== Segment start ==

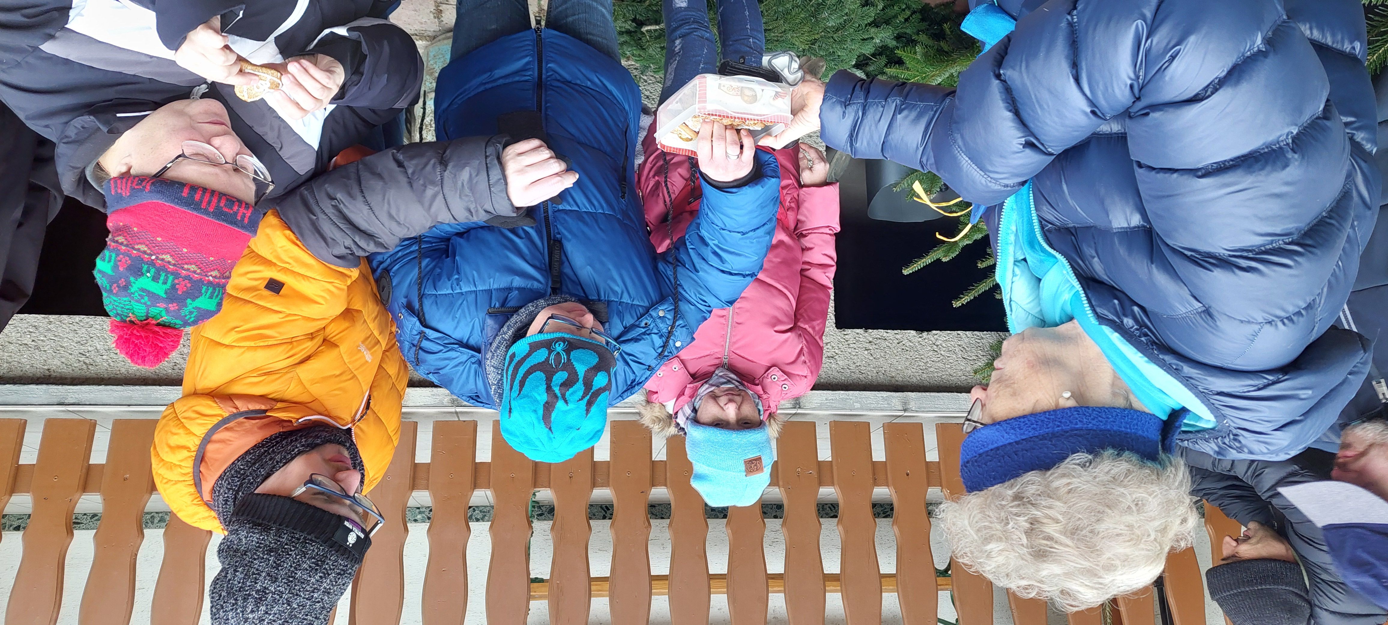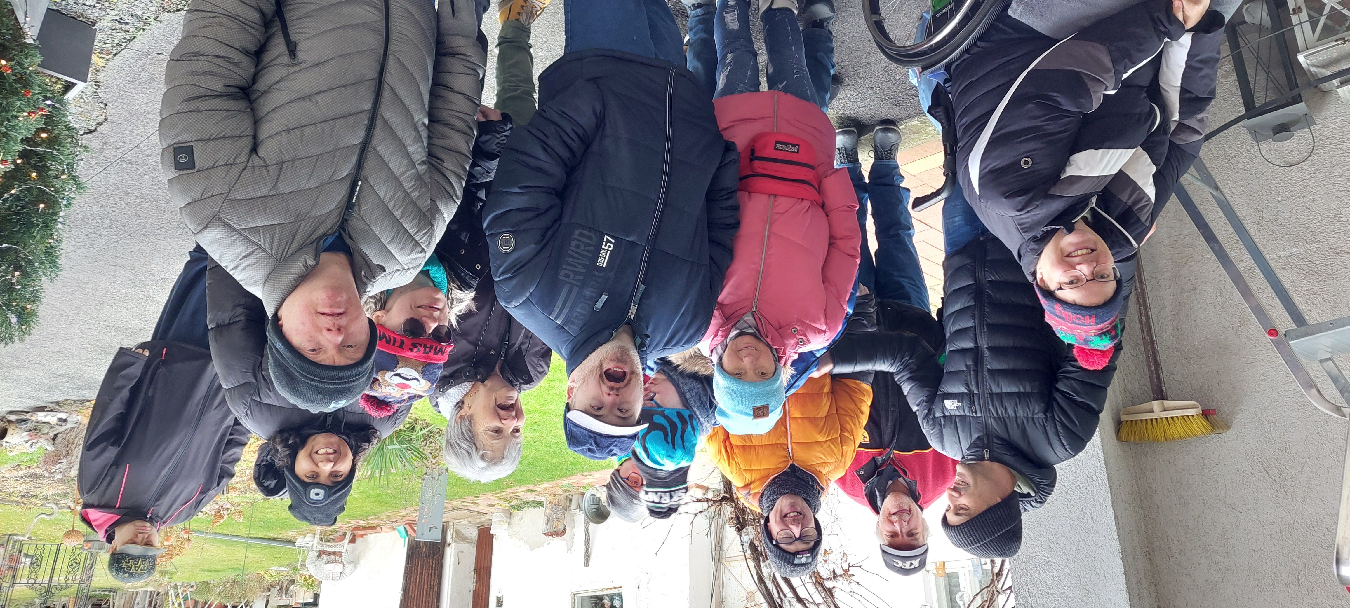 Anschließend besuchte die Gruppe Familie Weber, um sich mit einem kleinen Geschenk für die tollen Bastelutensilien, die an die Tagesstruktur Hirschstetten geschenkt wurden, zu bedanken. Natürlich durfte eine Jause mit selbstgebackenem Apfelkuchen und Säften nicht fehlen.
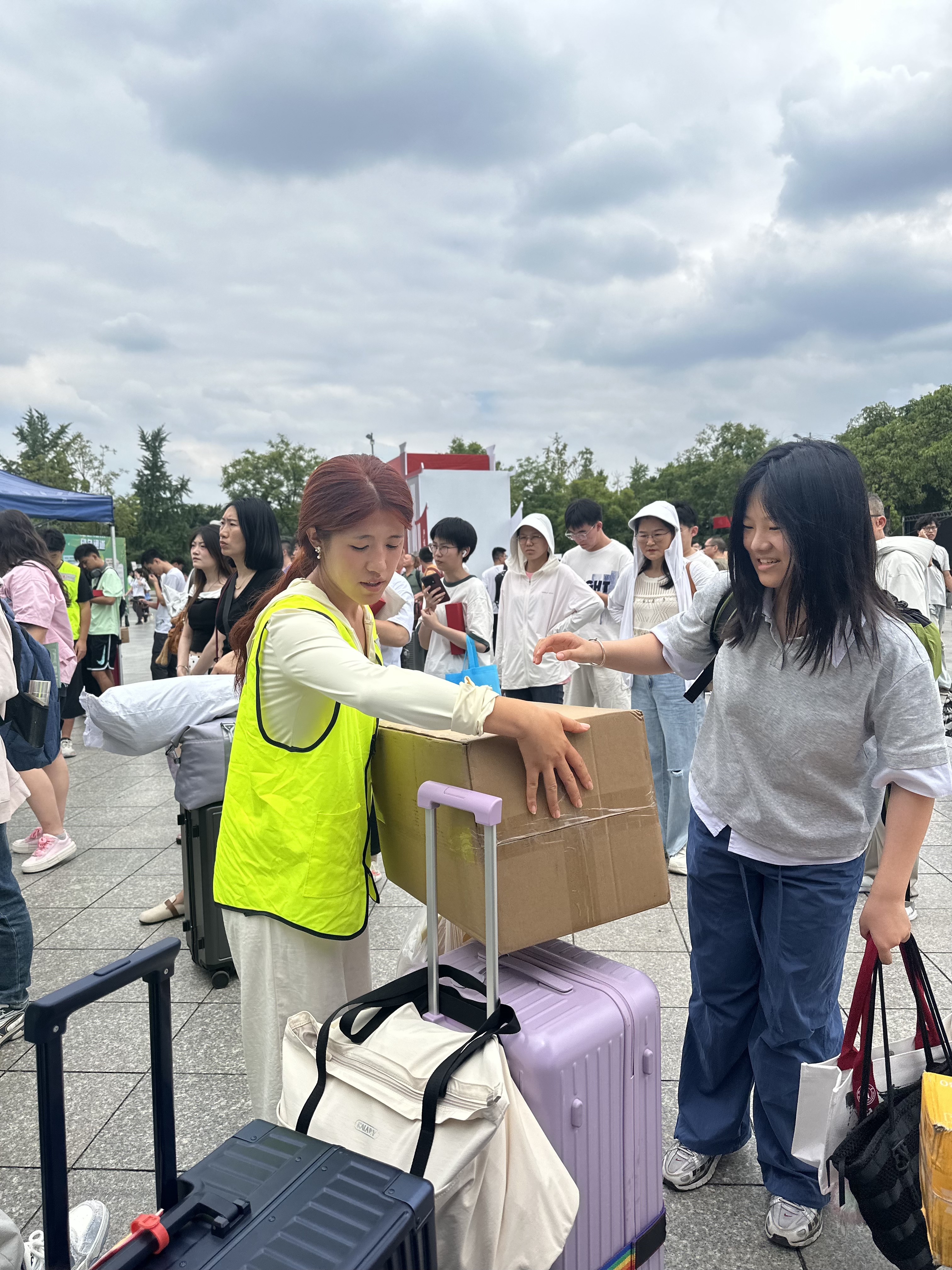 图为志愿者正在帮忙搬运行李
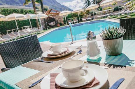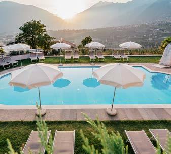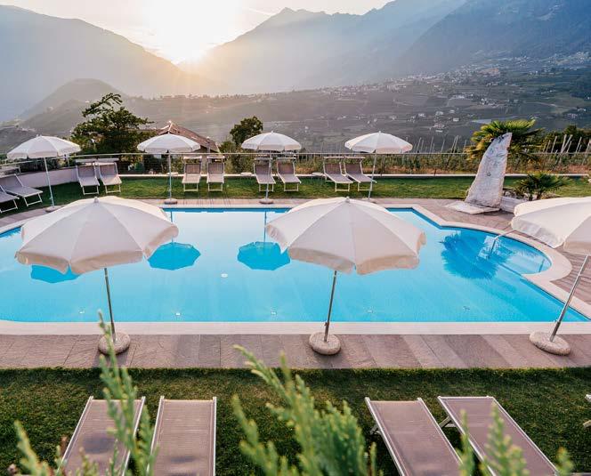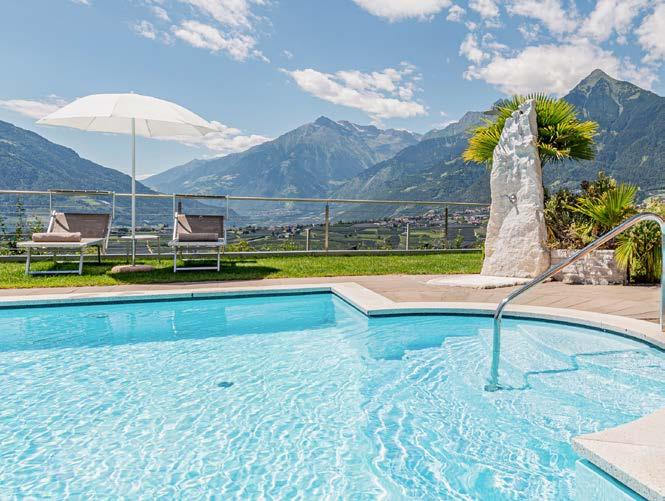 Entspannen Sie in unserem beheizten Panorama-Pool mit Ausblick auf die bezaubernde Bergwelt des Meraner Landes. Genießen Sie erfrischende Drinks und hausgemachte Kuchen auf unserer Terrasse, während Sie dabei neue Ausflugspläne für den nächsten Tag schmieden.
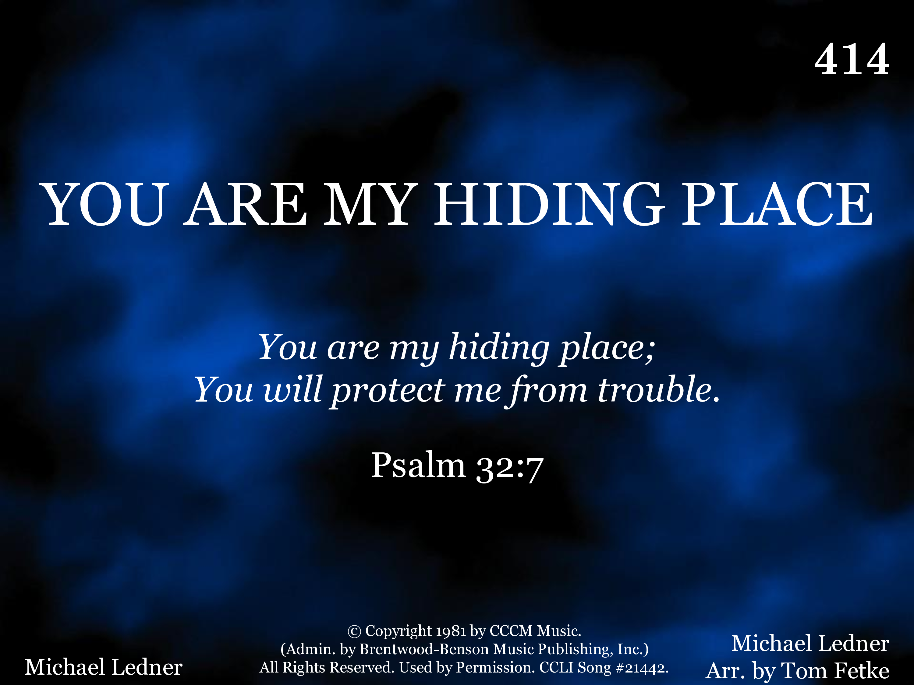 | Title | YOU ARE MY HIDING PLACE |
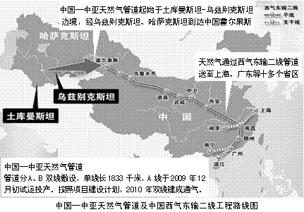 4.(2010上海市嘉定二模)2009年12月12日,中国国家主席胡锦涛和哈萨克斯坦总统纳扎尔巴耶夫共同出席中哈天然气管道竣工仪式,并共同按下管道启动按钮。该管道的竣工通气,标志着中国与中亚能源合作取得重要进展。读图回答问题。
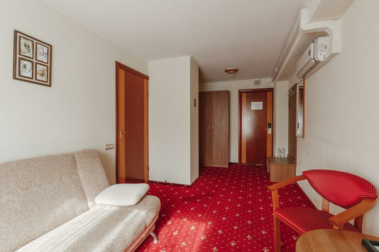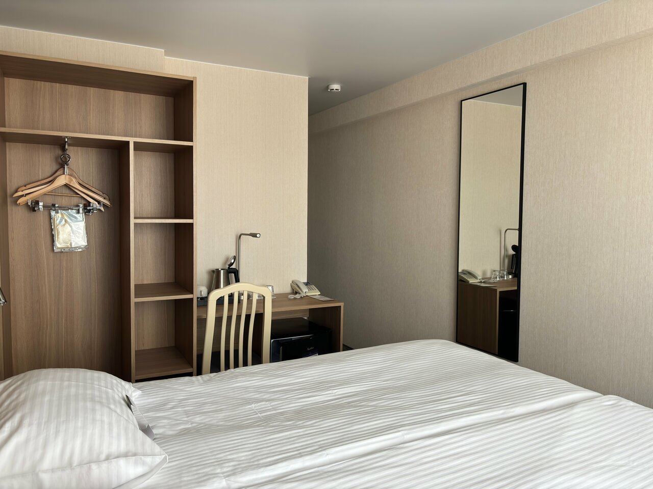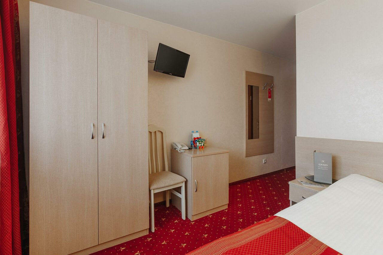 Хорошая гостиница, чистый простой номер, вкусные завтраки, приветливый персонал. из минусов, на мой взгля — в номере не хватает чайника и освещение в санузле тускловато.
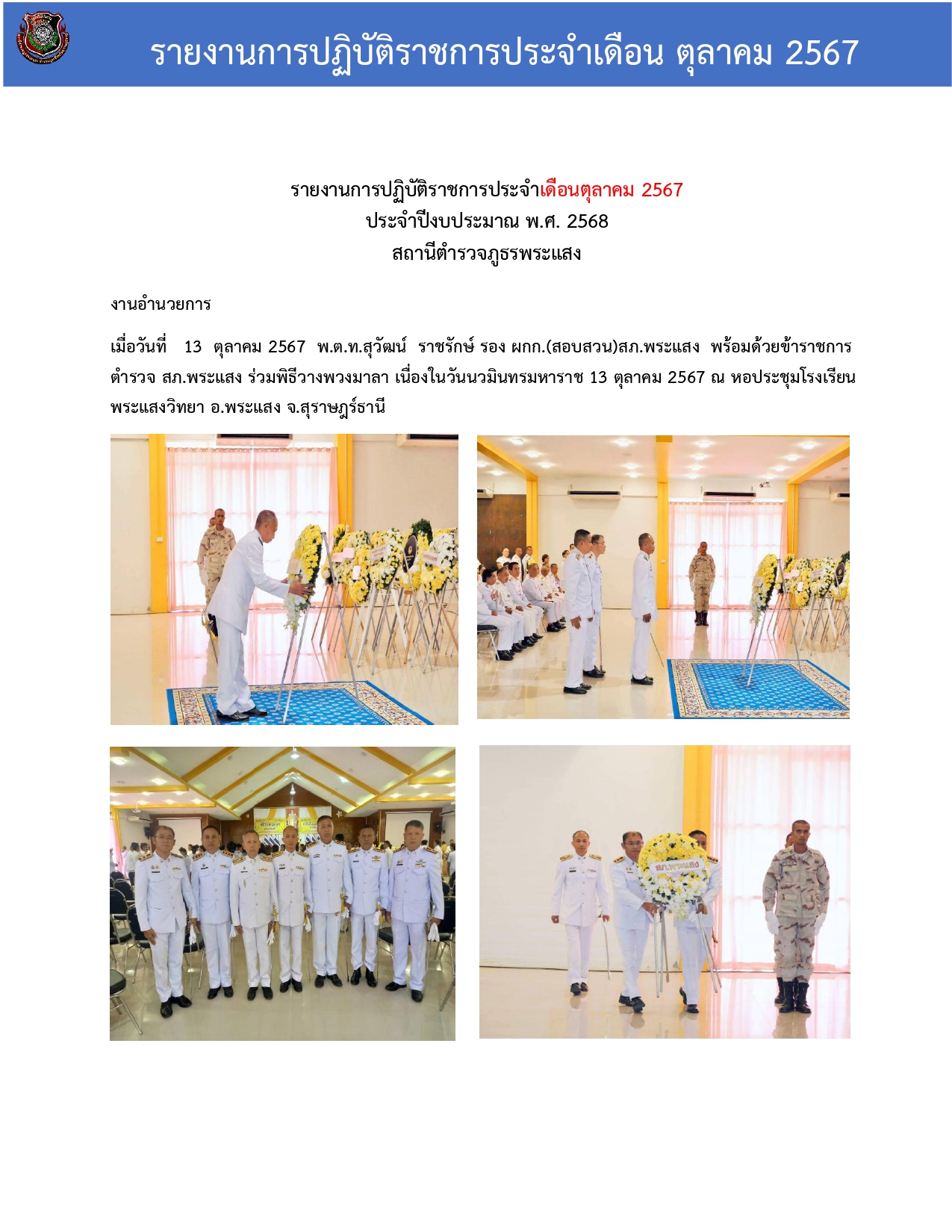 รายงานการปฏิบัติราชการประจําเดือนตุลาคม 2567 ประจําปีงบประมาณ พ.ศ. 2568 สถานีตํารวจภูธรพระแสง ชุดสาย
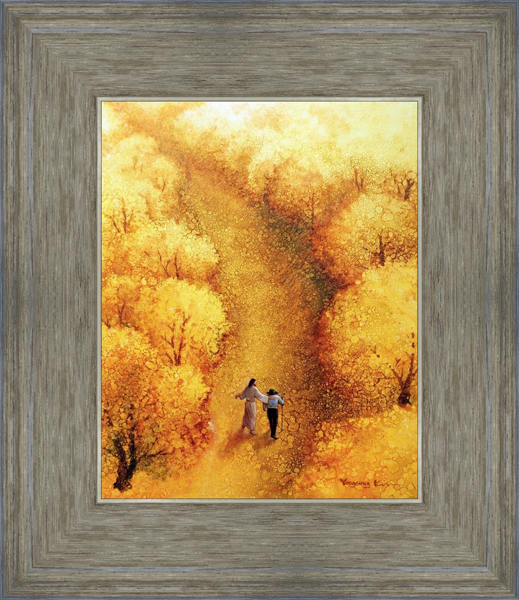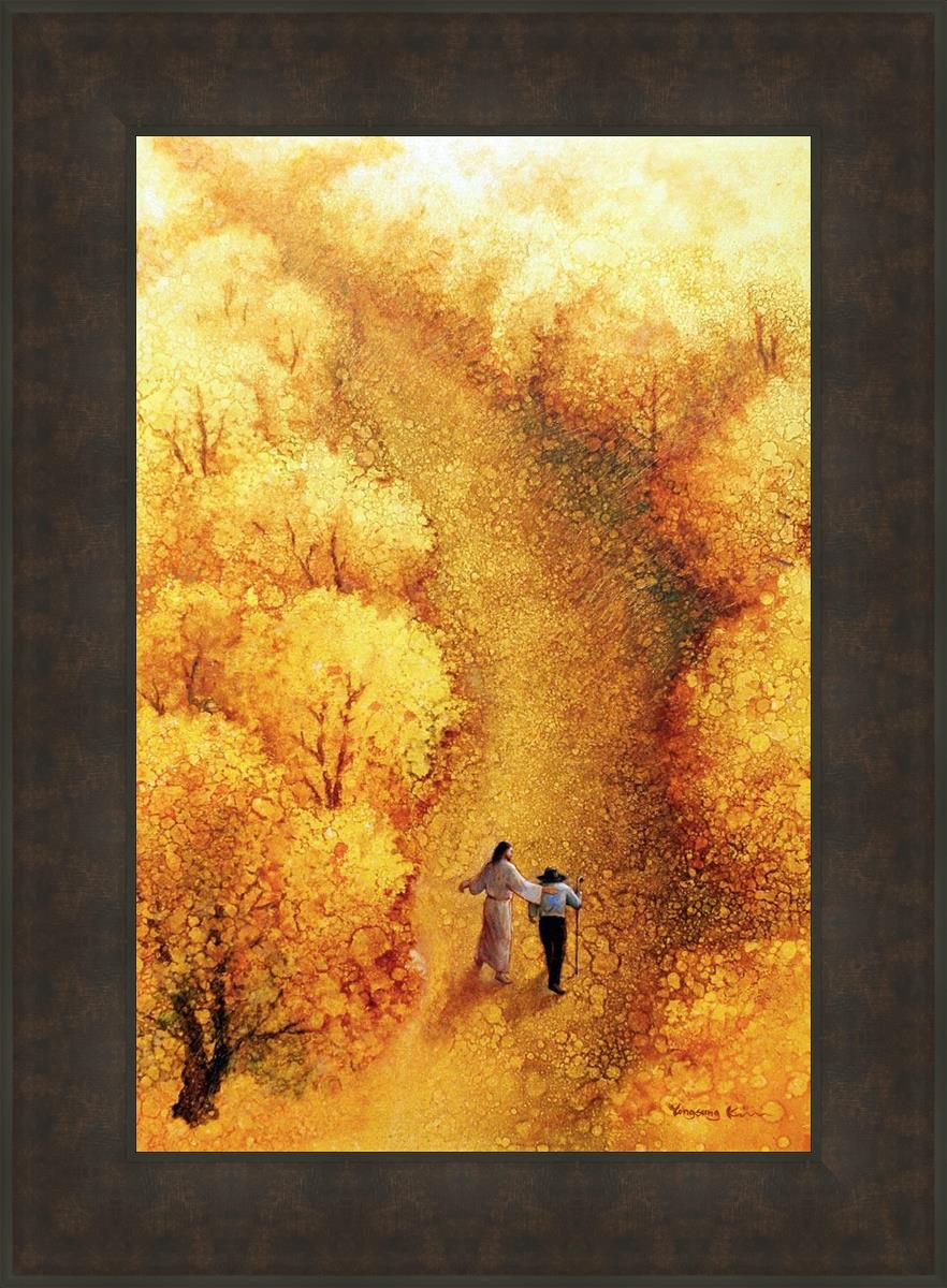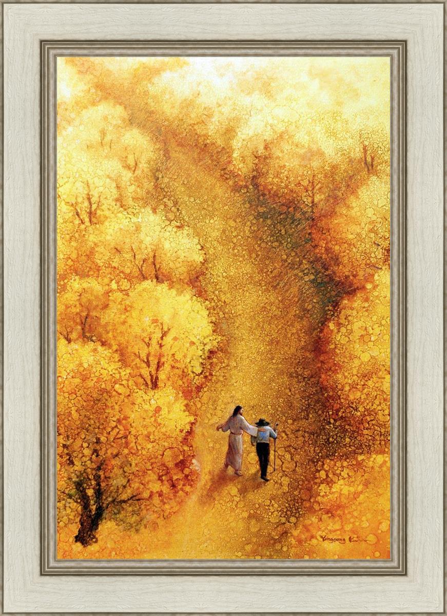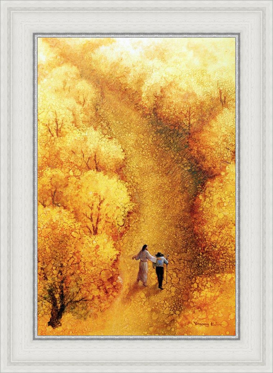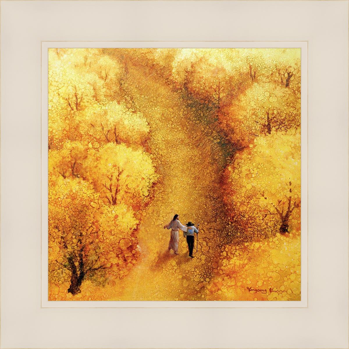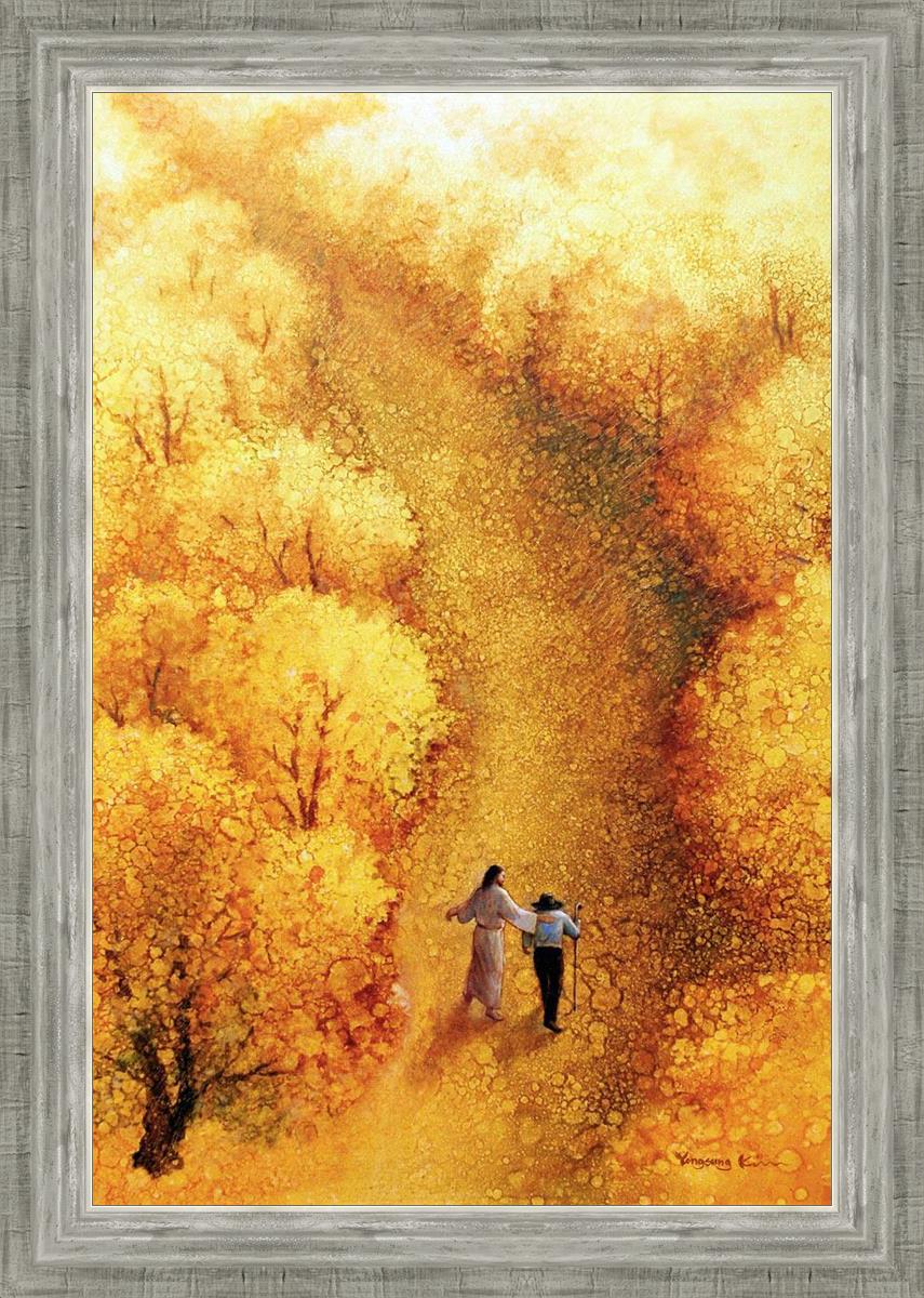 This painting portrays Jesus walking alongside a man through a peaceful path lined with golden yellow trees. It exudes a sense of calm and companionship, as Jesus compassionately walks with the man, offering His comfort and guidance. The man, leaning on a cane, walks with a measured step, his posture reflecting both the weight of his journey and the quiet assurance he finds in the Savior’s presence. The contrast between the man’s cane and Jesus’ gentle, yet firm, presence symbolizes the strength found in divine companionship. By Your Side captures the intimate, personal relationship between Jesus and His followers, reminding us that, no matter the journey, He walks with us—always by our side—offering His love, strength, and support.

== Segment end ==

• _EXERCISE GOAL_: In the copy, each entry above must match exactly, and no picture may be carried over.

• _ANSWER SPACE_:
 Anschließend besuchte die Gruppe Familie Weber, um sich mit einem kleinen Geschenk für die tollen Bastelutensilien, die an die Tagesstruktur Hirschstetten geschenkt wurden, zu bedanken. Natürlich durfte eine Jause mit selbstgebackenem Apfelkuchen und Säften nicht fehlen.
 图为志愿者正在帮忙搬运行李
 Entspannen Sie in unserem beheizten Panorama-Pool mit Ausblick auf die bezaubernde Bergwelt des Meraner Landes. Genießen Sie erfrischende Drinks und hausgemachte Kuchen auf unserer Terrasse, während Sie dabei neue Ausflugspläne für den nächsten Tag schmieden.
 | Title | YOU ARE MY HIDING PLACE |
 4.(2010上海市嘉定二模)2009年12月12日,中国国家主席胡锦涛和哈萨克斯坦总统纳扎尔巴耶夫共同出席中哈天然气管道竣工仪式,并共同按下管道启动按钮。该管道的竣工通气,标志着中国与中亚能源合作取得重要进展。读图回答问题。
 Хорошая гостиница, чистый простой номер, вкусные завтраки, приветливый персонал. из минусов, на мой взгля — в номере не хватает чайника и освещение в санузле тускловато.
 รายงานการปฏิบัติราชการประจําเดือนตุลาคม 2567 ประจําปีงบประมาณ พ.ศ. 2568 สถานีตํารวจภูธรพระแสง ชุดสาย
 This painting portrays Jesus walking alongside a man through a peaceful path lined with golden yellow trees. It exudes a sense of calm and companionship, as Jesus compassionately walks with the man, offering His comfort and guidance. The man, leaning on a cane, walks with a measured step, his posture reflecting both the weight of his journey and the quiet assurance he finds in the Savior’s presence. The contrast between the man’s cane and Jesus’ gentle, yet firm, presence symbolizes the strength found in divine companionship. By Your Side captures the intimate, personal relationship between Jesus and His followers, reminding us that, no matter the journey, He walks with us—always by our side—offering His love, strength, and support.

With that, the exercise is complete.